(Stored records)
-------------------------

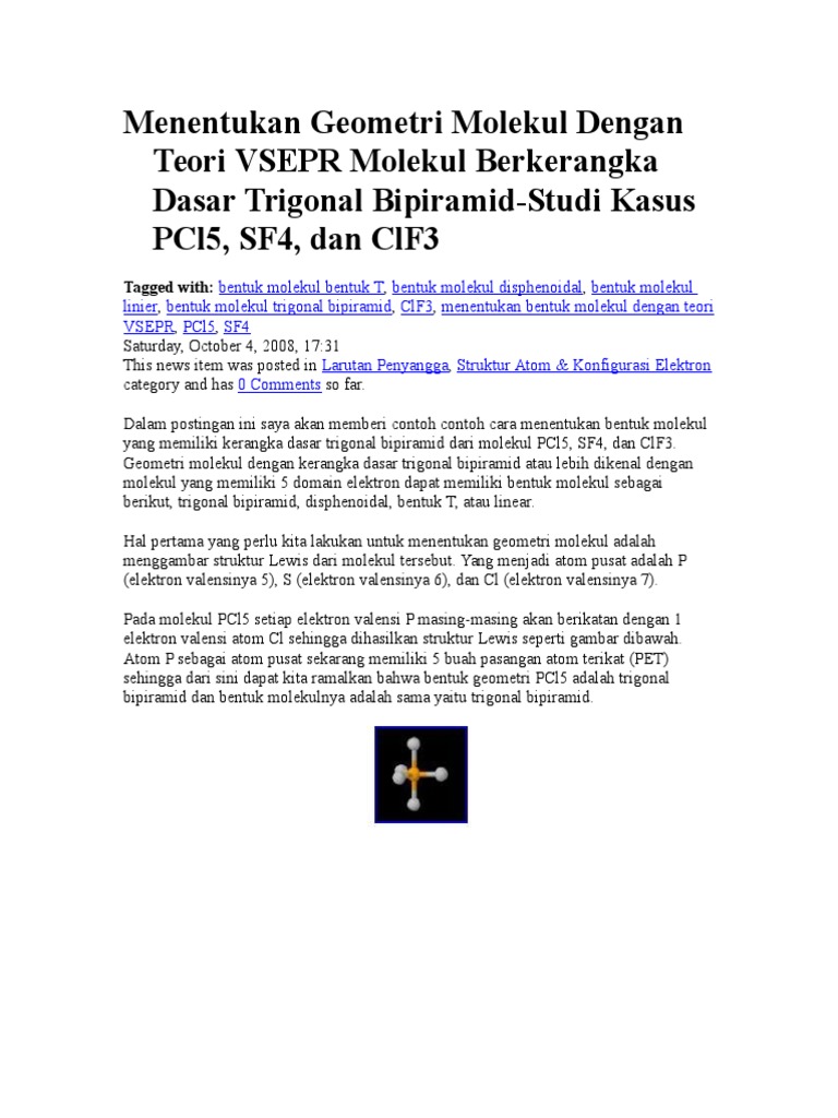 Soal Dan Pembahasan Bentuk Geometri Molekul Teori Domain Elektron
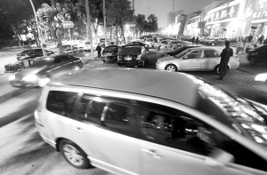 晚上6:30,记者来到金龙路实地查看,发现人行道上已经停了两排车,中间只余两米多宽的间距。晚上7时,从海口市公安局到“东郊椰林”酒店,600多米长的金龙路两侧排成了汽车长阵。
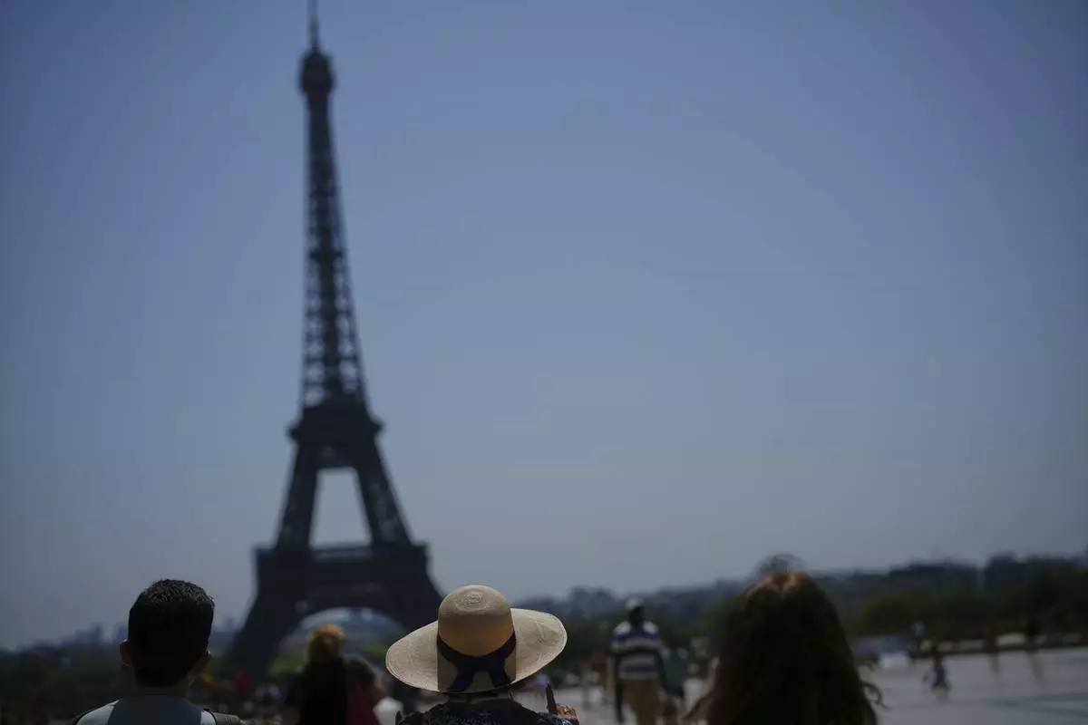 People look at the Eiffel Tower at Trocadero plaza during a heat wave in Paris, France, Wednesday, July 2, 2025. (AP Photo/Christophe Ena)
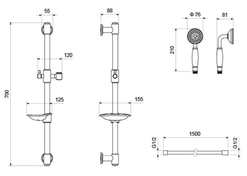 • Душевой гарнитур: душевая стойка с мыльницей, лейка, шланг
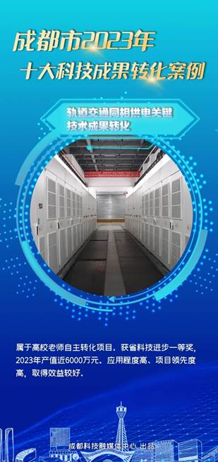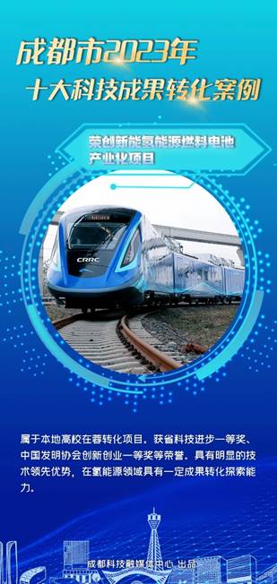 2024年3月14日,在成都市中试平台服务供需对接暨科技成果转化十大榜单发布会上,成都市2023年十大科技成果转化案例正式揭晓,Fun88乐天堂官网 共两项科技成果入选,分别是“荣创新能氢能源燃料电池产业化项目”和“轨道交通同相供电关键技术成果转化”。
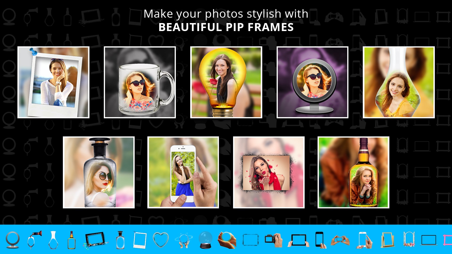 Stand out from the crowd by uploading amazing pictures created by PIP Camera - Creative Photo Frames & Photo Editor on social media. Get More Likes!!!
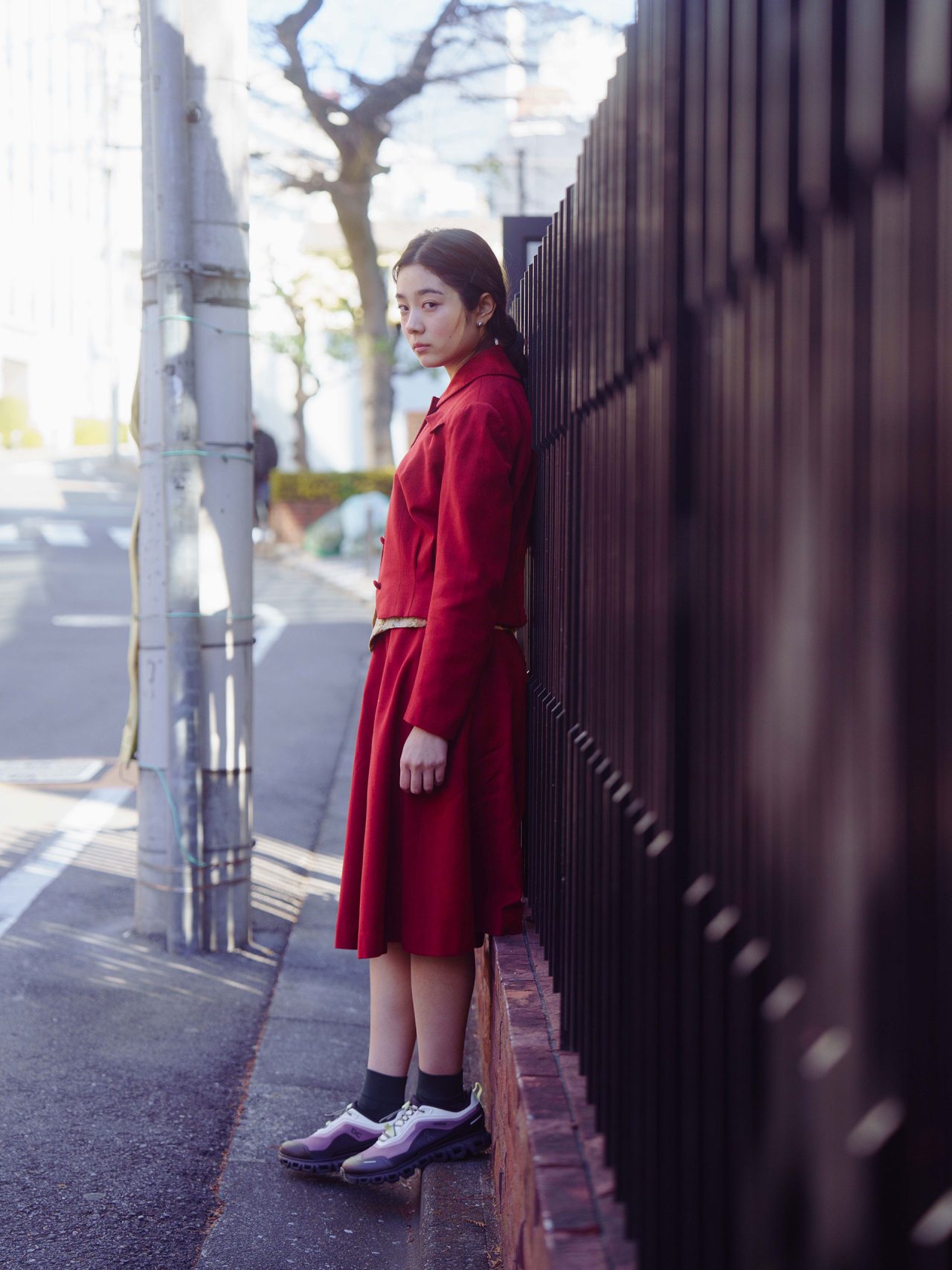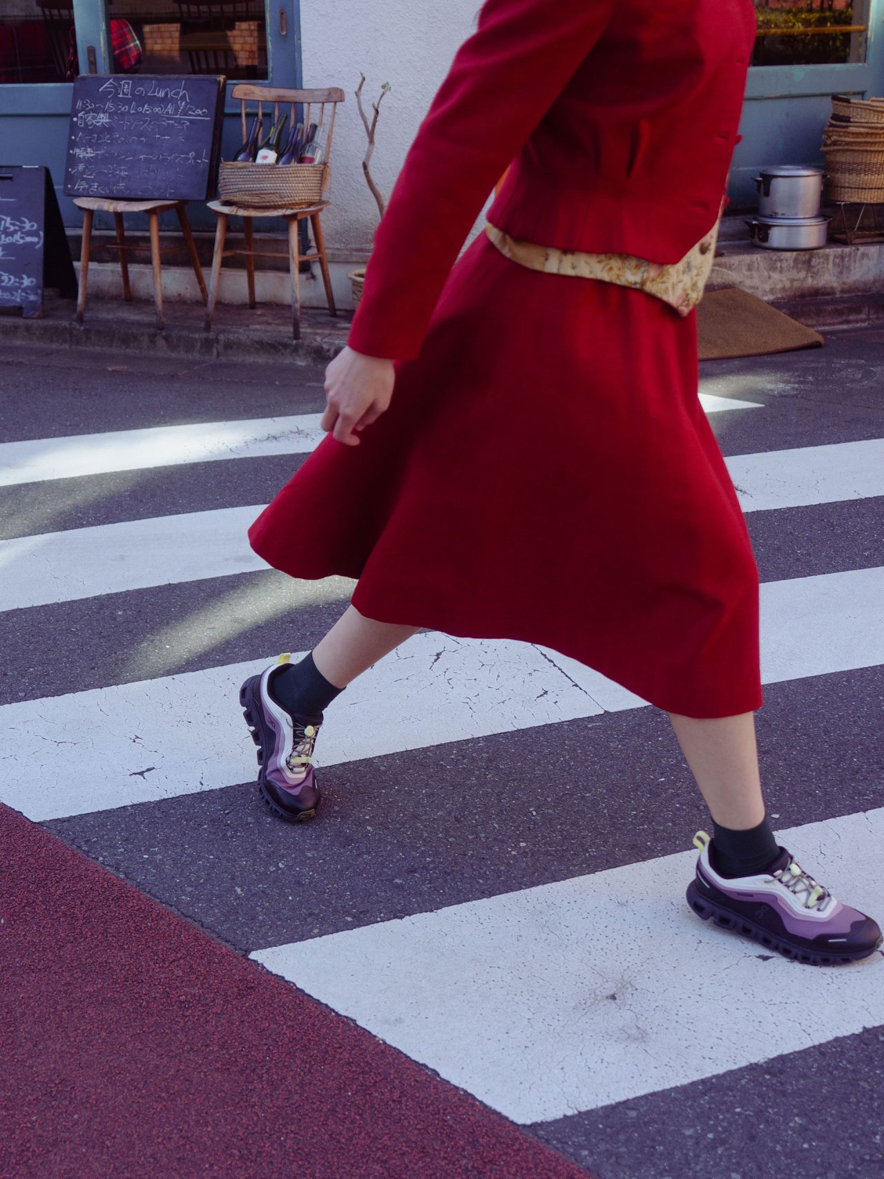 On (オン) の「Cloud 6 Geo」は、アウトドア由来の機能性と都会的なデザインを併せ持つ一足✨ Koko が合わせたのは、クラシカルな赤のジャケット&スカートのセットアップ。レイヤードした花柄のベストで奥行きを出しつつ、「Cloud 6 Geo」で足元にアクティブなムードをプラス。きれいめとストリートが自然に混ざり合う、今っぽいミックススタイルに。

-------------------------

■ Work to be completed: The answer must be an exact transcription of the lines from the one holding "Stand out from" to the last line of the entries above, with no pictures and nothing else.

■ Solution for this exercise:
 Stand out from the crowd by uploading amazing pictures created by PIP Camera - Creative Photo Frames & Photo Editor on social media. Get More Likes!!!
 On (オン) の「Cloud 6 Geo」は、アウトドア由来の機能性と都会的なデザインを併せ持つ一足✨ Koko が合わせたのは、クラシカルな赤のジャケット&スカートのセットアップ。レイヤードした花柄のベストで奥行きを出しつつ、「Cloud 6 Geo」で足元にアクティブなムードをプラス。きれいめとストリートが自然に混ざり合う、今っぽいミックススタイルに。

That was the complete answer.